Arthur spent the next few weeks camped out by the latrine, demonstrating to curious locals whom Rafter had recruited how the site was built and how it might be maintained. He showed them how to mix his special paste with the cement, sand, and water, and pour it over the chicken mesh. The paste, he stressed, as best he could, allowed them to save on cement. The latrine had a wooden door with spring hinges, and the whole thing sat atop a round slab with an aperture that led down to a deep pit. The total cost of materials per latrine was twelve dollars. He displayed how the structure could be cleaned with a little water and soap. He watched with pride as one after another stepped inside to take their turn. Never again would the rural peoples of Chiredzi District have to shit in some ramshackle outhouse. Or worse, in the open, by a river.
Rafter photographed Arthur standing beside the latrine, posing with Jamroll. Arthur kept one roll of film and Rafter sent the rest to his superiors. In turn the Humble Brothers sent more money. Arthur was to build more toilets to the west, near Chiredzi’s sister town of Triangle, and south, in the Hippo Valley. He recruited some young men from town and trained them in the construction process. He delegated more and more to Rafter and the men from Chiredzi. Alter Latrines began appearing all across Masvingo.
* * *
• • •
In September, a telegram reached Arthur at the outpost.
ARTHUR—
PLEASE JOIN US FOR A PARTY THIS WEEKEND. YOU CAN RELAX FROM ALL YOUR WORK.
YOURS,
LOUIS MOYO SR.
The white Mercedes picked him up a few days later. “What should I do while you’re gone?” Rafter asked.
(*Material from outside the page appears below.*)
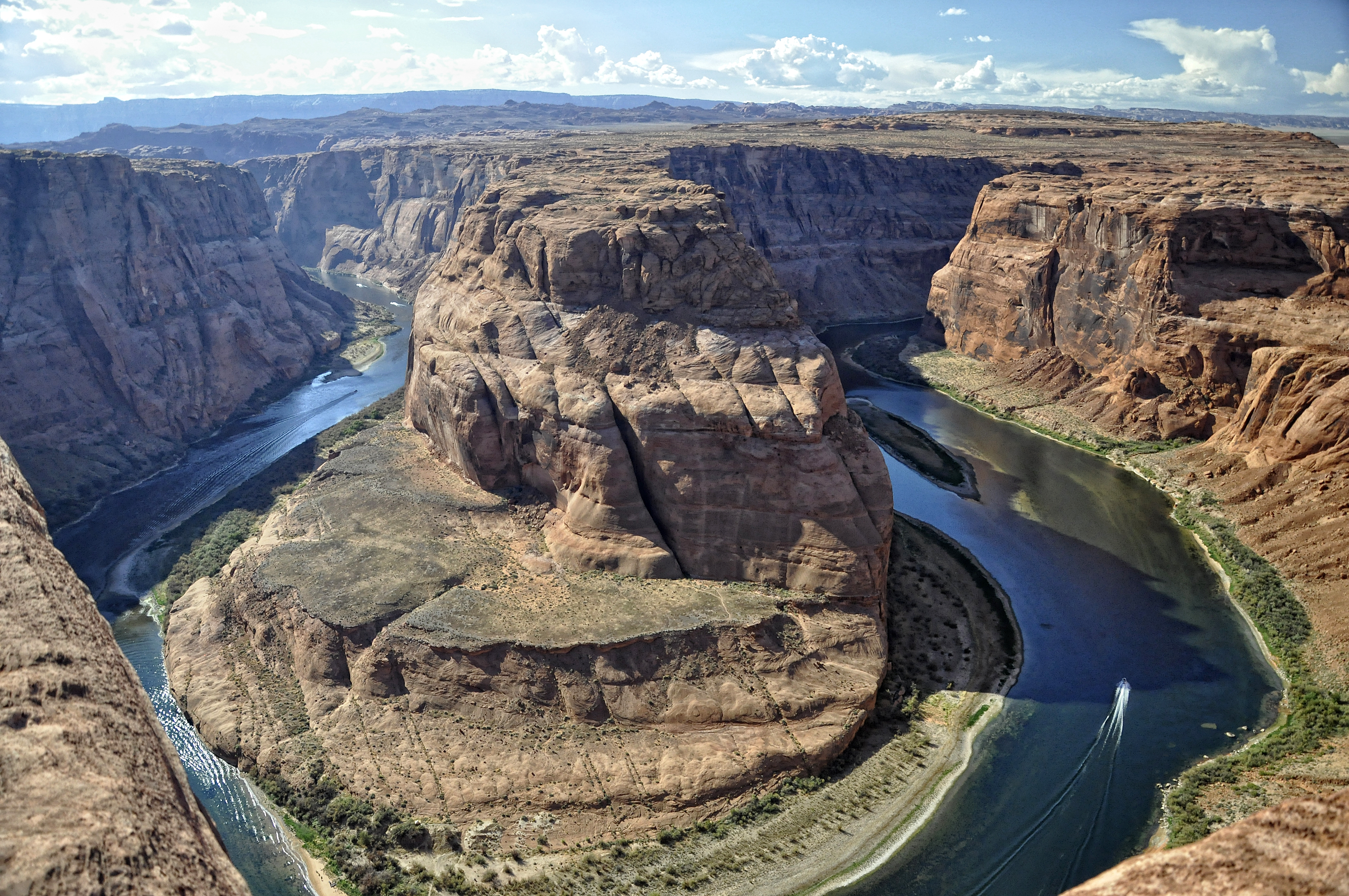 Horseshoe Bend, Page, Arizona

Arthur laid two light taps on Rafter’s cheek. “Just keep building.”
He slept the whole ride back to Salisbury. The brown leather seat back was cool on his neck; the chauffer didn’t utter a word. Whe
n, at sunset, the Mercedes slowed to a stop in the Moyos’ driveway, Arthur stirred awake. He saw the Moyos’ yellow-brick house, and his stomach sank with shame. When he’d first come to Salisbury, his nearest point of comparison was Boston. But having spent a few months in the country among Zimbabwe’s poorest, he was no longer impressed by the Moyos’ plenitude. It made him sick.
The nausea stuck with him through dinner, which Promise had prepared with the help of her house servant. Arthur was too hungry to refuse the food, but eating it only made him feel worse.
“It’s wonderful to see you again, Arthur,” Promise said over dinner.
“You really cleaned your plate there, boy,” said Louis Sr. “They’re not feeding you out in the bush, are they? Ha!”
Arthur glared at the beef stew growing cold on Louis Sr.’s plate.
“Are you making much progress with your work?” Promise asked.
“I am,” he said. “Our prototype is functional. The next step is to expand. You wouldn’t believe how grateful people are.”
“Oh, I believe it,” Louis Sr. said.
“Well, I for one think it’s wonderful what you’re doing, Arthur.” Promise smiled. “An American coming all this way—for toilets! Who knew?” She laughed.
“It’s bad out there,” Arthur said.
“There’s a real unwillingness to modernize,” said Louis Sr. “You’ve got to keep up or else you’ll fall by the wayside.”
“He’s right.” Promise nodded.
Arthur finished his tea with a grimace. “I’m going to go to bed, if that’s okay.” He tossed in his sleep all night.
The party, which took place the following afternoon, was honoring the birthday of a ten-year-old girl, the daughter of a close family friend. The party was held on the lush green lawn of the girl’s house. Buffet tables offered top-shelf liquor and shrimp cocktail to the guests, the plump pink crustaceans arched over the rims of the glasses with their heads dipped in as if gorging on the sauce themselves. Roasted guinea fowl and springbok fillets sat on silver trays. Arthur managed to set aside his anger for twenty minutes while he ate. Then, after two Johnnie Walkers, he discovered it again.